Finally found some time to continue.

I added 3 instructions on my take to control the motors.
My goal was not just simply control the motors. My aim was also to improve a bit on my python skills and make the setup as modular as possible.

In this steps you will learn about my take on:

wiring up the components
a python class to run the L298N
a state machine to make the drive control more robust and understandable

And as always - feedback and critics is always welcome

Build your own carrier

benkster • 08/15/2025 at 14:17 • 0 comments

The idea of the modular car is that you can just add pretty much any component on a breakout without much effort. No matter if you want to run on an arduino or a Raspi 5 it is easy. I added an instruction how you can build your own carrier for the grid

Power up without burning your house down

benkster • 08/14/2025 at 20:54 • 0 comments

First of all we need power for our car. I assume you have a basic understanding about Volts, Amperes, short circuits and such things ;o)
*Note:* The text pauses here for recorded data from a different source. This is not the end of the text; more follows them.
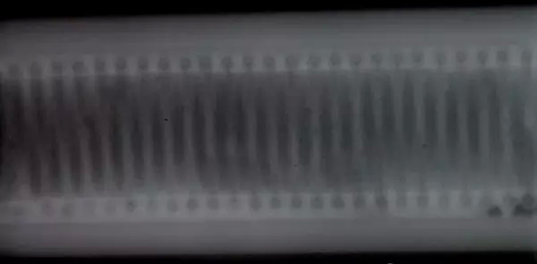 再從目前的焊接工藝水平來看經(jīng)過焊接的管體內(nèi)部表面非常的粗糙如圖2所示。而產(chǎn)品的工藝要求中并未對焊接后的內(nèi)部表面情況提出要求,只要求加熱器與管壁焊接良好不能存在加熱器與管壁未焊接相連的情況。因此由于內(nèi)部表面的各種堆積、裂紋等粗糙現(xiàn)象的存在將會使在超聲檢測中出現(xiàn)各種雜波影響檢測結(jié)果。另外經(jīng)焊接后的管體表面也很粗糙達(dá)不到超聲檢測所需的表面條件。因此超聲檢測也不適合加熱器與管體內(nèi)壁焊接情況的檢測。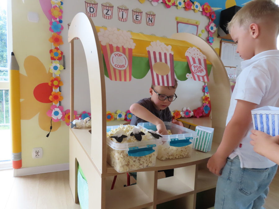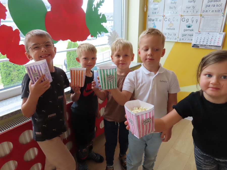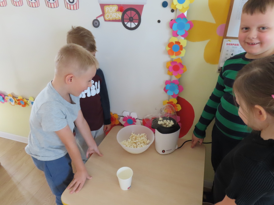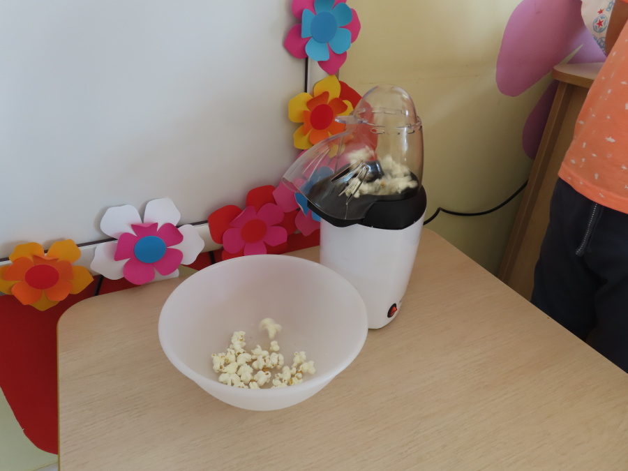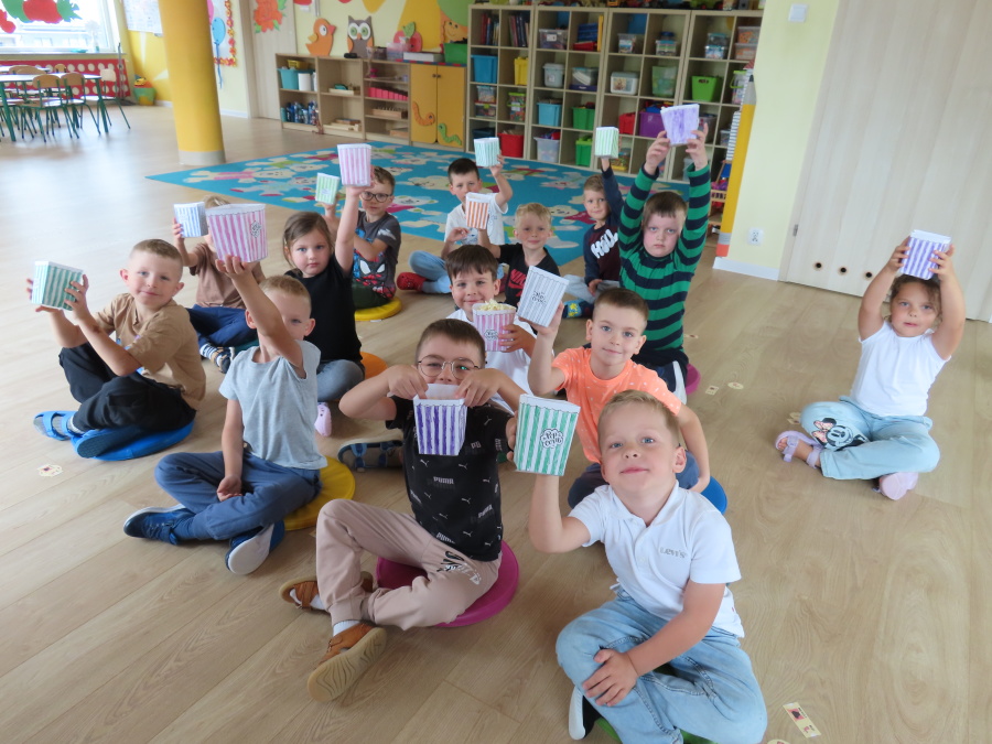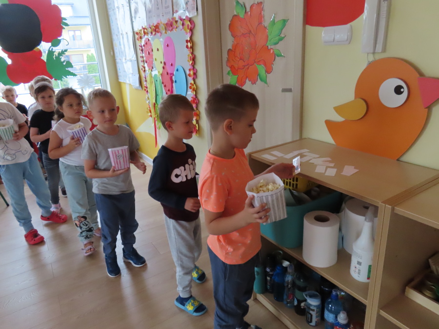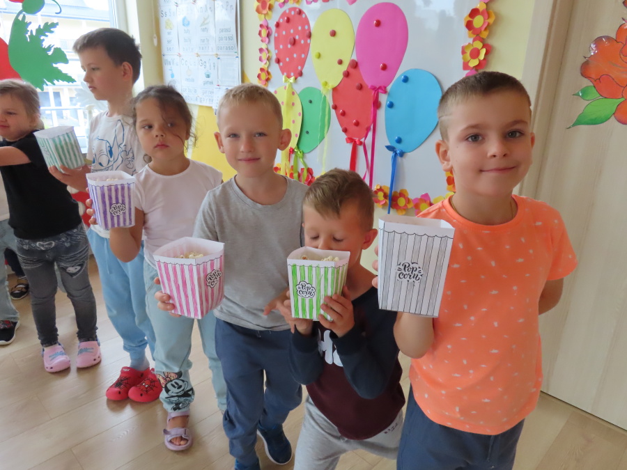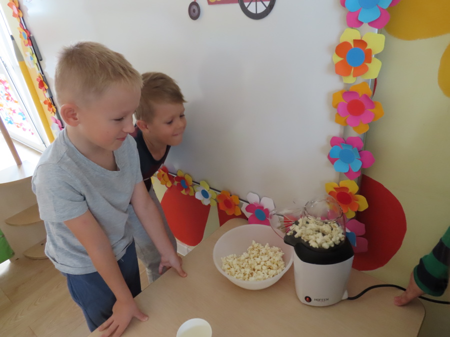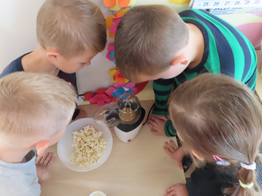 We wtorek obchodziliśmy w przedszkolu nietypowe święto - Dzień popcornu. Dzieci dowiedziały się z czego powstaje popcornu i jak go przygotować. Misie oglądały ziarna popcornu oraz obserwowały proces jego powstawania. Przedszkolaki wykonały także pojemniki do popcornu oraz miały możliwość wcielenia się w osobę sprzedającą. Na zakończenie oczywiście nie mogło zabraknąć seansu kinowego z tą pyszna przekąską.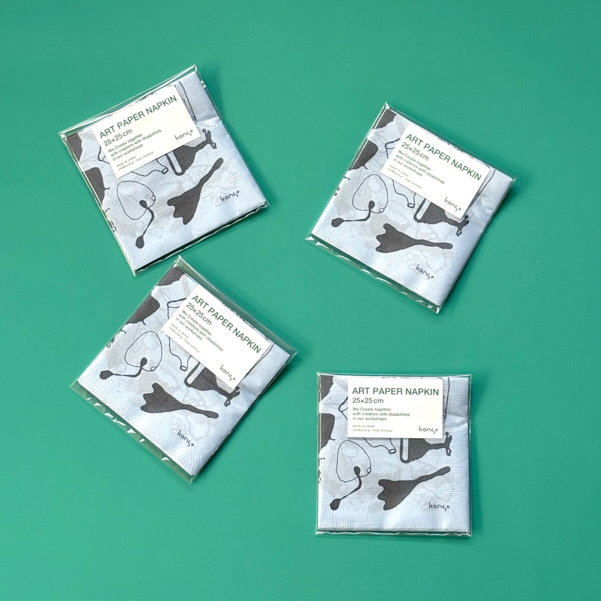 紐でテーブルウェアをつくる——そんなユニークなワークショップから生まれた原画が、ペーパーナプキンになりました。一筆書きのような自由な線と、どこかユーモラスなかたち。広げると、実際のテーブルウェアと、創作のテーブルウェアが、食卓の上で重なり合います。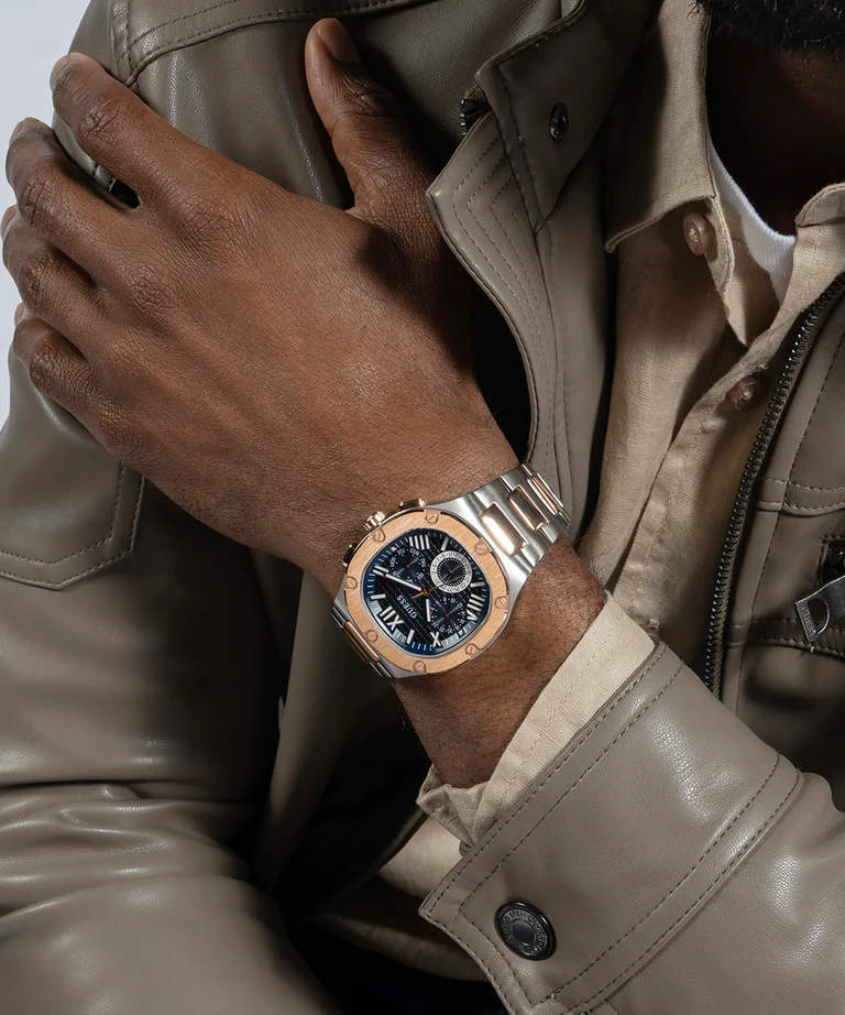 ساعة جيس للرجال أصلية موديل (هيد لاين)  headline GW0572G4 بلون ازرق و استيك معدن بلون فضي و نحاسي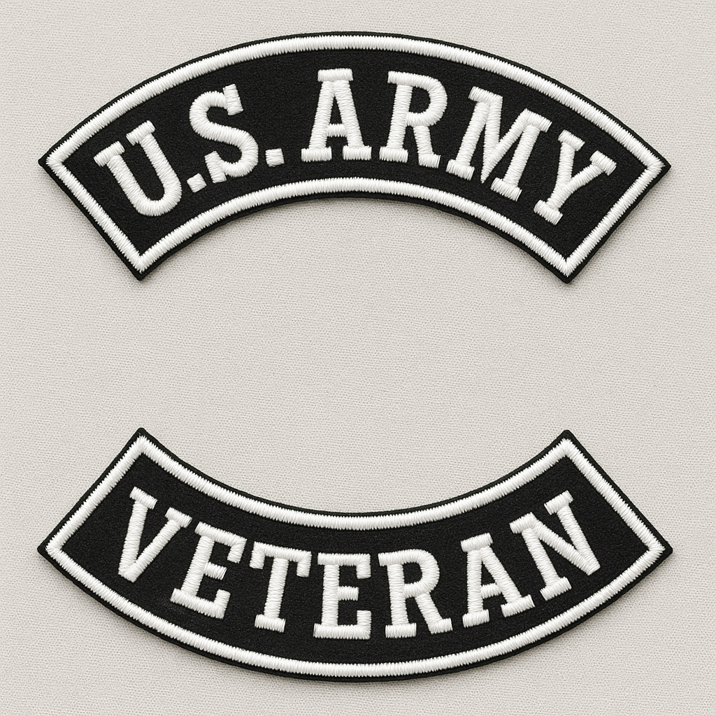 U.S. Army Veteran Rocker Patch Set – 2 Piece Embroidered Military Biker Patches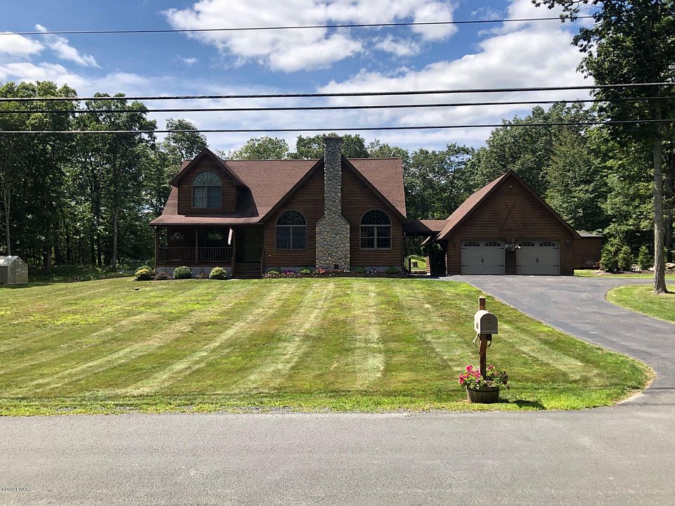 Beautiful custom-built lodge in Milford, PA on 1 fully landscaped, park-like acre backed up to thousands of acres of state land! This 2,705 sq ft home features cedar siding, 4 bedrooms, 2 full baths, a full basement, and an over-sized 2 car garage with space above. The french doors overlook a 2-tier composite deck surrounding a 26' round pool. Additionally, the backyard is complete with a shed, greenhouse, garden, large jungle gym, koi pond and a 10x17' predator-proof chicken coop and pen. This home is oil heated, has central a.c., and includes an outdoor wood boiler that will heat the entire house, garage and pool! NO community (which also means no HOA) and a great commuting location being 5 miles to I-84 and 3 miles from nationally recognized Delaware Valley Schools.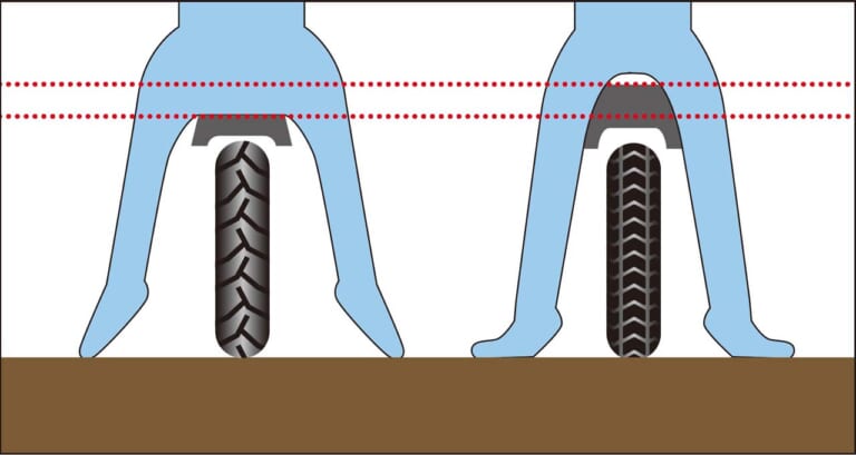 そう、シート高が足着き性を左右するのは確かなのだが、ただ低ければいい……というわけでもない。足を下ろす部分の車体幅が広いと、太ももが左右に押し広げられ、シートの高い車両より足着きが悪いこともあるし(上の図参照)、地面に下ろした足とステップが干渉する場合も同様。たとえば大人気のホンダGB350なども、サイドカバーの張り出しがやや大きく、800mmという数値からイメージするよりも、わずかではあるが足着き性がスポイルされる傾向にある。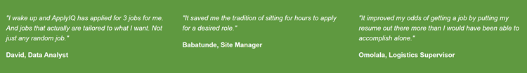 Babatunde: O, wat fijn! In plaats van een vacature grondig te bestuderen voordat ik ervoor kies om te solliciteren, is daar nu ApplyIQ! Die het in een seconde voor mij doet. Meer tijd om mijn teennagels te knippen!!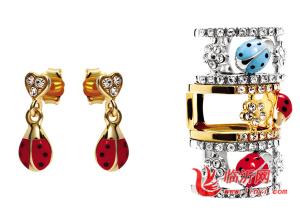 ●情意组合幸运坠 925银镀k金、施华洛世奇水晶,珐琅工艺,爱情的守护者。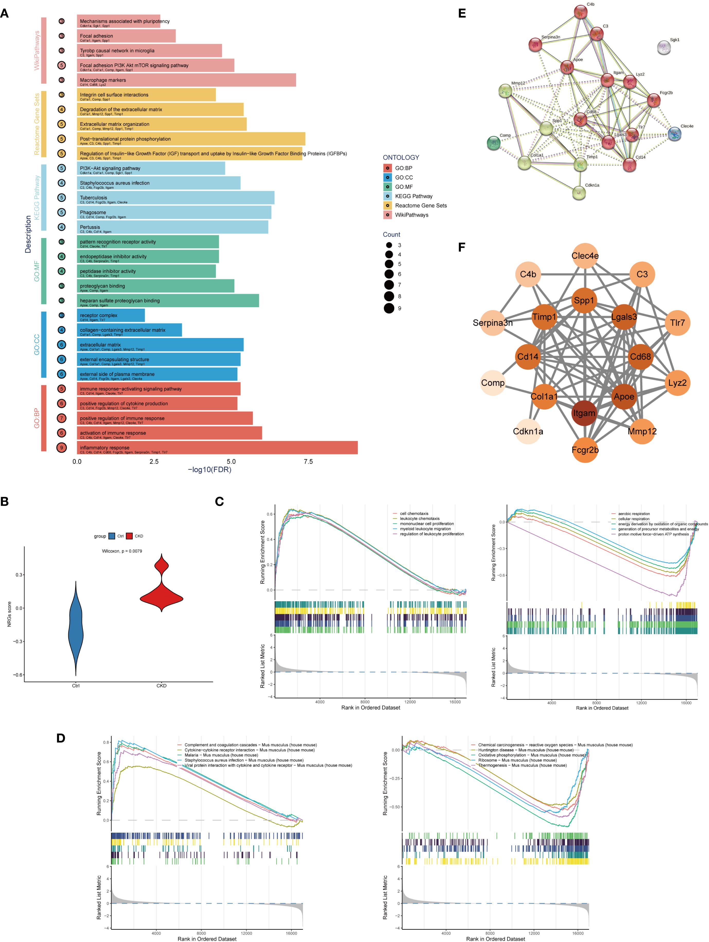 Figure 2. Functional analysis of NET-related candidate genes in CKD-associated vascular calcification. (A) Enrichment analysis of Gene Ontology (GO), KEGG, Reactome, and WikiPathways. The y-axis shows pathways, the x-axis shows statistical significance (–log10 FDR), and bubble size indicates gene count. (B) Violin plot comparing NET-related gene set variation analysis (GSVA) scores between CKD and control groups in the GSE146638 dataset (p < 0.01, Wilcoxon test). (C) Gene Set Enrichment Analysis (GSEA) based on GO: Biological Process (BP) terms in CKD and control samples. Top 5 enriched terms are shown. (D) GSEA based on KEGG pathways in CKD and control samples. Top 5 enriched terms are shown. (E) Protein–protein interaction (PPI) network constructed using the STRING database with a minimum interaction score of 0.4. The network includes 19 nodes and highlights extensive connectivity among NET-related genes. (F) Hub gene subnetwork visualized in Cytoscape using the cytoHubba plugin. Top-ranked genes based on degree centrality include Itgam, Apoe, Lgals3, Cd68, and Timp1.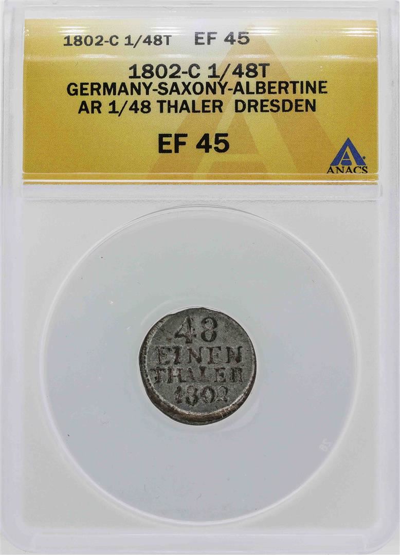 One 1802-C Germany-Saxony 1/48 Thaler Dresden Coin ANACS XF45. ANACS Appraised.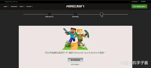 其实按照付款引导,最后一步就是下载项,但是如果玩家不小心退出了网页也没有关系,可以再次进入游戏官网,点击购买Minecraft,这时候就会弹出再次下载的选项,点击即可重新下载。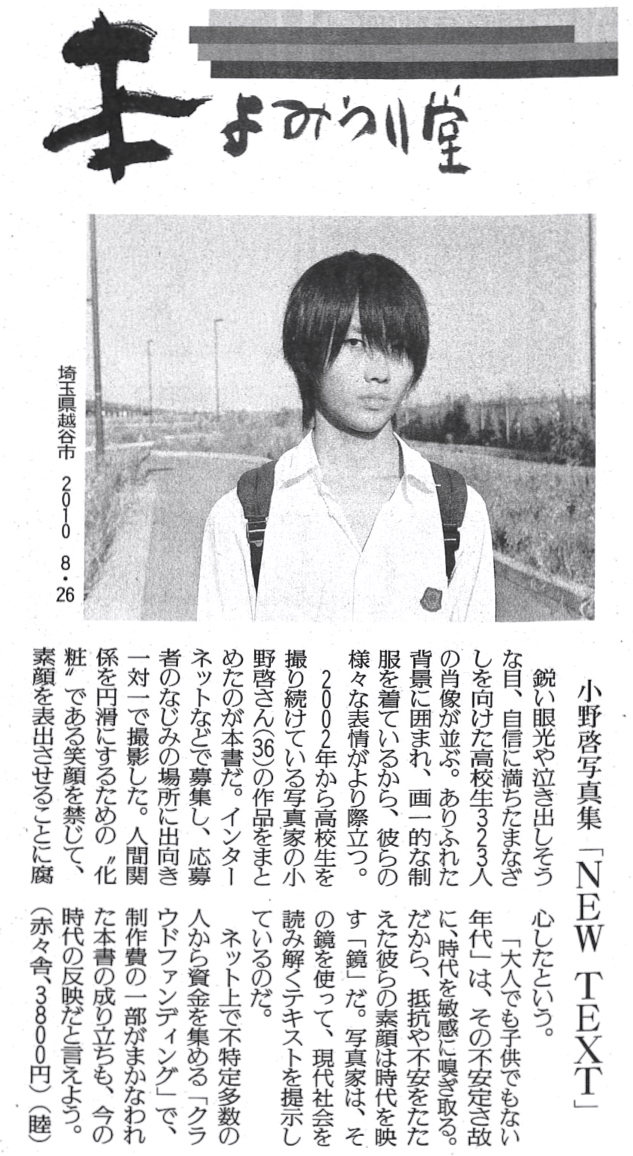 『NEW TEXT』の表紙は、モデルとなってくれた高校生やそのクラスメートによる、無数の「NEW TEXT」という文字の寄せ書きだ。ノートや黒板や路上に書いたその文字を、みなが携帯電話のカメラで撮って小野に送ってくれたという。丹念に敷きつめられた彼らの文字の表紙、そこに浮かび上がってくる、未だ書かれざるテキスト、「NEW TEXT」をひとりでも多くの方に見ていただきたいと願う。
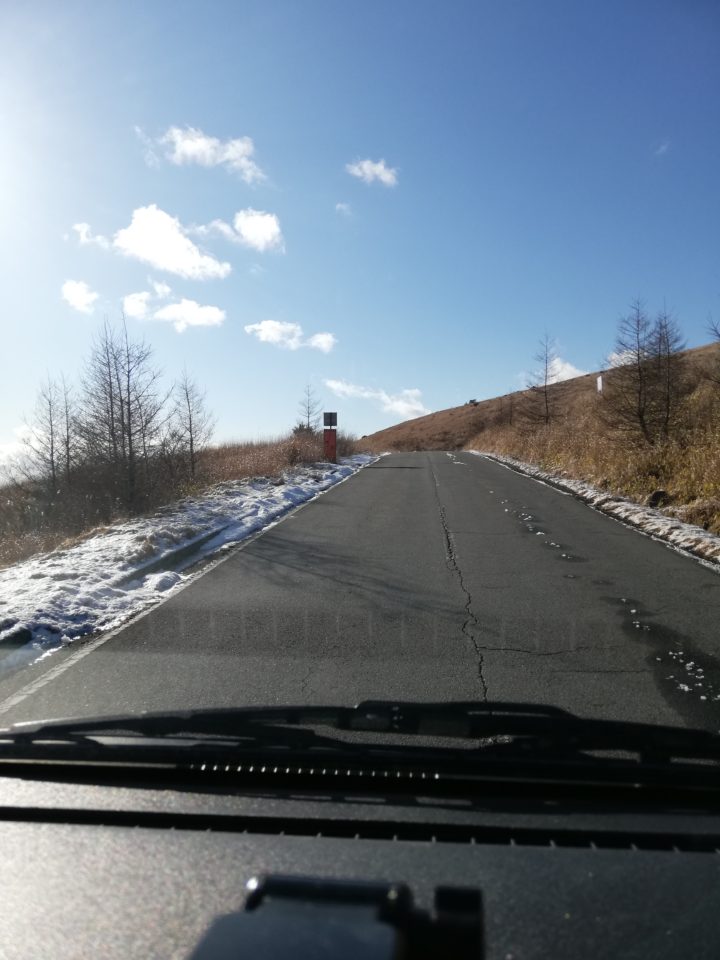 ビーナスラインはぶっちゃけはげ山なので地面と空が近い。上っているときは空に吸い込まれるような錯覚を感じます。ただ、雪に覆われた本当の真冬の時に来るとそこは人の侵入を拒絶するような死を連想する空間になります。それがまた、異世界に迷い込んだような感じで格別なのです。
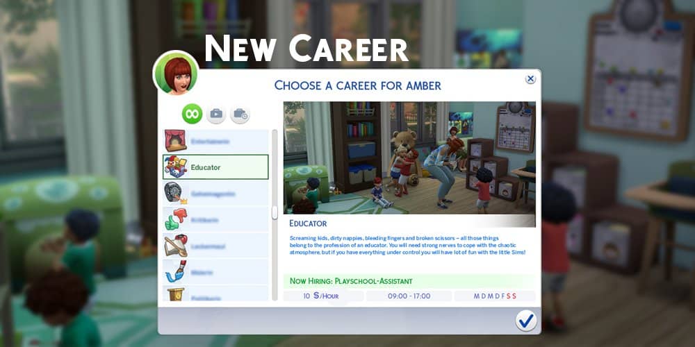 Have you played all the carrers in The Sims 4 and want to have new options for your Sims to work? Then we want to show you our newest mod-project: an educator-carrer for your Sims!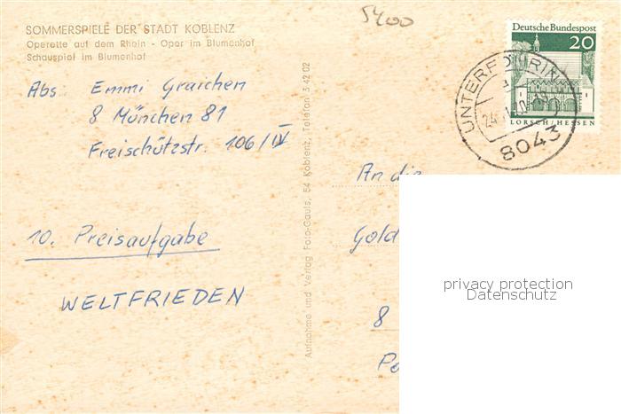 73835135 alte Postkarte Koblenz Rhein Sommerspiele Operette auf dem Rhein Oper und Schauspiel im Blumenhof postalisch gelaufen Erhaltung siehe scans [WerneD78] KatCode: 11110007111000

There are different options how to power your learning car. What you need as battery is up to a couple of factors. The most important one is what kind of components you want to use.

Different boards require different voltage to work.
Some Arduinos want 3,3 Volts while a Raspberry PI want's 5 or 5,1 Volts . Depending on the load you put on the board the power consumption may also vary. E.G if you drive some Neopixel LEDs over the GPIO pins this power is drawn from the boards power supply. Power consumption is measured in Watt.
Watt = Volt x Ampere. So Ampere is the 2nd common thing you have to take an eye on. To stay with a Raspi 5 Volts and 2-3 Amperes are what you need.
Motors draw quite some power
No matter if it is a servo or a DC motor both are quite power hungry. Consider not to drive them over your central board. Better supply them directly from your power source/DC converter.

Another factor is simply what do you have at hand.

AA batteries are quite common so if you but enough of them in series to stack up the volts you can use them
Maybe you are vapping so it is pretty likely you have some 18650s lying around
Or you have a battery pack from a RC car with a LiPO powering it

All good as long as you pay attention to the specs - Volts and Amps are key

Last but not least endurance is a factor. Endurance is power used over time. So the common units for this it Watt/hours or Amp/hours. For 18650s it is usally given as mA/h e.g. 2000 mA/h. So what does it mean. Simpy said. If your setup draws 500 milli amps a 2000 mA/h battery can sustain the setup for approximately 4 hours.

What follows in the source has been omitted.